Among all Artificial Neural Networks (ANNs), Backpropagation Neural Network (BP) is a powerful algorithm widely applied in flood forecasting⁶⁴. Based on the error backpropagation algorithm, the BP model is a feedforward neural network that can capture nonlinear relationships and temporal features in flood processes through training and learning from historical flood data⁶⁵. Therefore, BP is employed as a benchmark model.

Multilayer Perceptron (MLP) models are feedforward neural networks with multiple hidden layers capable of effectively handling nonlinear problems⁶⁶. Flood processes are influenced by complex interactions among multiple factors, and the combination of multiple hidden layers and the introduction of nonlinear activation functions in MLP models allow for better capturing of these complex relationships⁶⁷. Hence, MLP is also employed as a benchmark model.
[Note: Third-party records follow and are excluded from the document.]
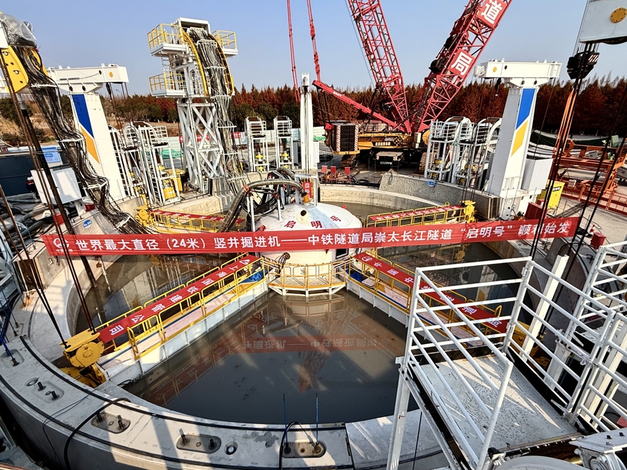 1月13日,在郑和万里远航的起锚地江苏太仓,我国自主研制的世界最大直径竖井掘进机“启明号”正式始发,投入崇太长江隧道2号竖井建设,开创了我国高速铁路竖井采用掘进机施工的新纪元,也为迎接已突破万米掘进大关的“领航号”盾构机“归队”奠定了坚实基础。
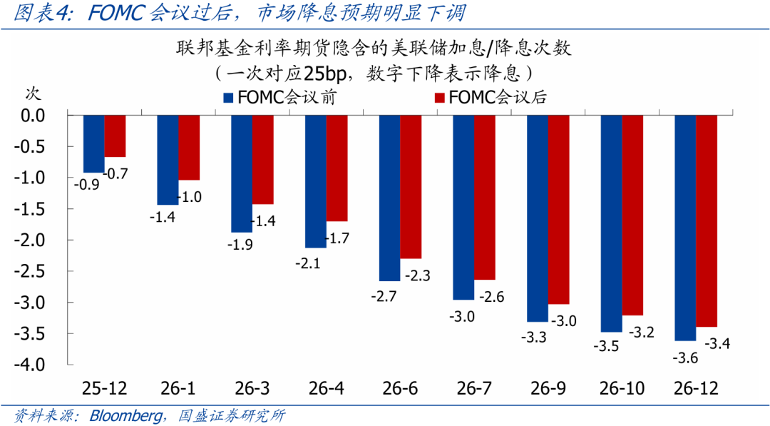 降息预期变化:会议过后,市场对美联储降息的预期明显下调。利率期货市场隐含的12月降息概率从超过90%降至不足70%,2026年底前剩余降息次数从3.6次降至3.4次。
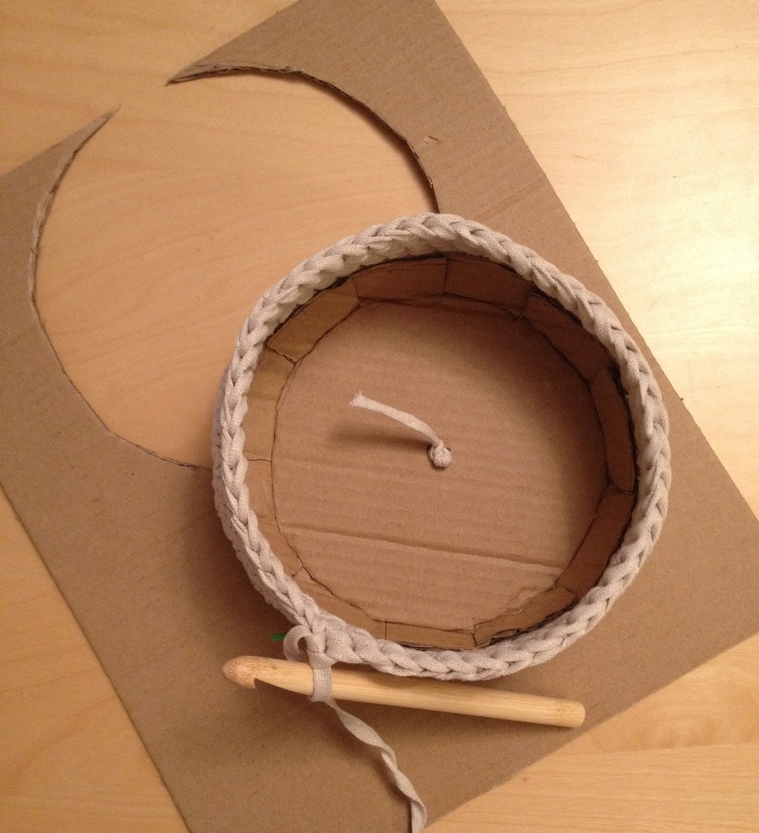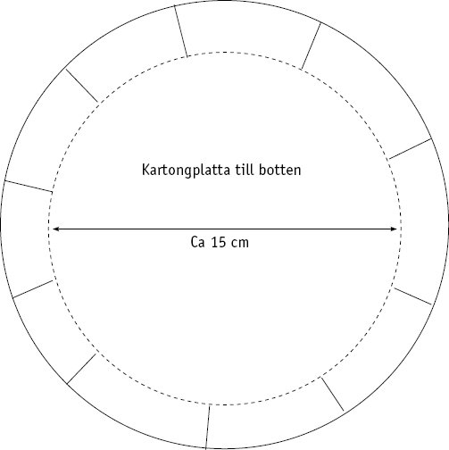För att få en stadig botten: Klipp till en kartongplatta enligt skissen nedan. Gör ett hål i mitten, klipp jack runtom en bit in och vik upp kanterna. Trä uppläggningstråden igenom hålet och placera kartongen i botten på arbetet, se bild nedan. Knyt några knutar i garnet för att spänna botten mot kartongen.
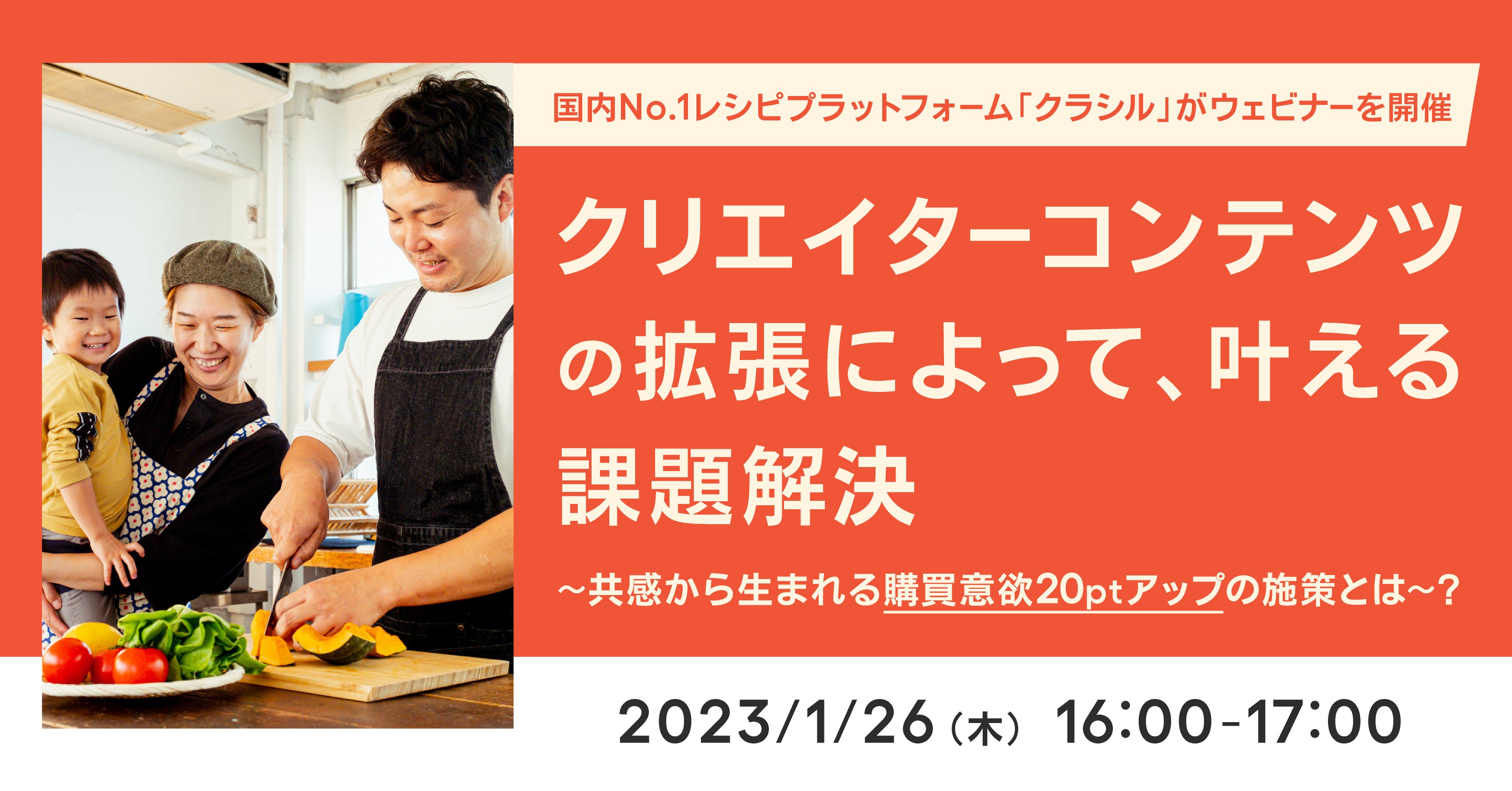 月間利用者数5,600万人を誇る国内No.1のレシピプラットフォーム「クラシル」(※1)は、2023年1月26日(木)16:00〜17:00に『クリエイターコンテンツの拡張によって、叶える課題解決』について無料のウェビナーを開催します。
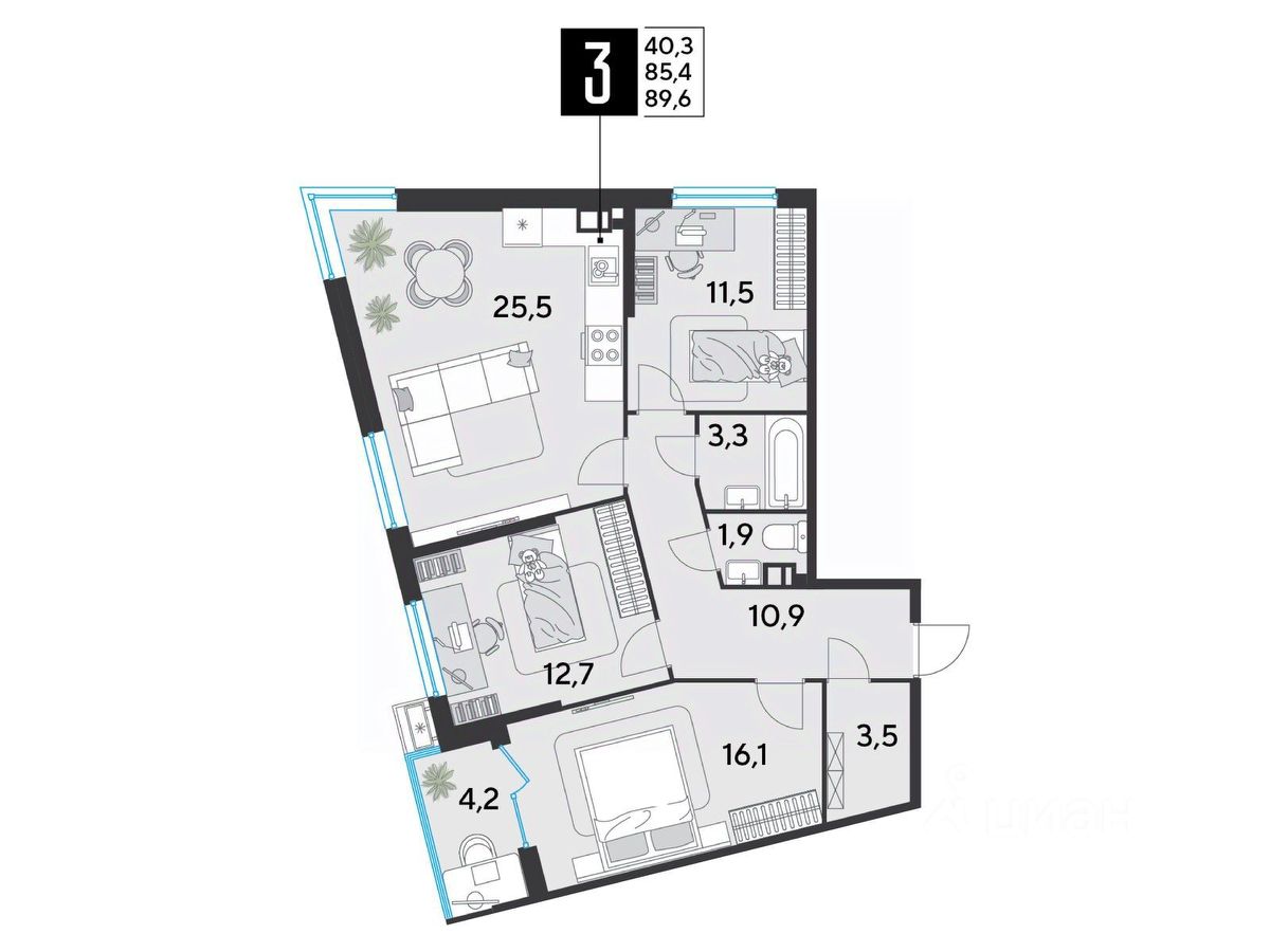 Срок сдачи: 2 кв. 2026, общей площадью 89.6 кв.м., на 3 этаже.

Performance evaluation criteria

In this study, the performance of the model's predictions was evaluated using the Nash Sutcliffe efficiency (NSE), root mean square error (RMSE), mean absolute error (MAE), and bias as evaluation metrics. The mathematical expressions for these metrics are as follows:

$${ }NSE = 1 - \frac{{\mathop \sum \nolimits_{i = 1}^{n} \left( {Q - Q_{i}^{{}} } \right)^{2} }}{{\mathop \sum \nolimits_{i = 1}^{n} \left( {Q - \overline{Q}_{i} } \right)^{2} }}$$

(6)

$$RMSE = \sqrt {\frac{{\sum\limits_{i = 1}^{n} \; (Q - Q_{{\text{i}}}^{{}} )^{2} }}{n}}$$

(7)

$$MAE = \frac{{\sum\limits_{i = 1}^{n} {|Q_{{\text{i}}}^{{}} - Q|} }}{n}$$

(8)

$$B{\text{ias}} = \frac{{\mathop \sum \nolimits_{i = 1}^{n} \left( {Q_{i}^{{}} - Q} \right)}}{{\mathop \sum \nolimits_{i = 1}^{n} \left( Q \right)}}$$

(9)

In the equations, $Q$ and $Q_{i}^{{}}$ the discharge of the simulated and observed hydrographs, respectively.$\overline{Q}$ and $\overline{Q}_{i}^{{}}$ represent the mean of the discharge of the simulated and observed hydrographs, respectively. i represents the i-th moment, n is the data points number;

NSE values range from − ∞ (no fit) to 1 (perfect fit); RMSE spans from 0 (perfect fit) to + ∞ (no fit). MAE, the average absolute error, describes the difference between observed data and simulation outcomes. Bias measures the deviation of predictions from actual values, with a range from − 100% to 100%, where closer to 0 indicates smaller deviations⁵³. However, these model indicators have limitations; for example, RMSE quantifies error size but is overly sensitive to large errors, obscuring the model's normal performance. MAE indicates average error levels but does not distinguish error direction, lacking the ability to display model biases. Therefore, model evaluations should integrate multiple indicators such as NSE, RMSE, MAE, and Bias for a comprehensive performance analysis⁶⁸.

Results and discussion

Comparison of overall flood forecasting effects

As illustrated in Fig. 6, it presents observed and estimated hydrographs of the RS-LSTM-Transformer, RS-LSTM, RS-Transformer, RS-BP, and RS-MLP models, representing five different models, during the calibration and validation periods for lead times of 1h, 3h, and 6h. It can be observed that the predicted discharge hydrographs closely match the observed discharge hydrographs.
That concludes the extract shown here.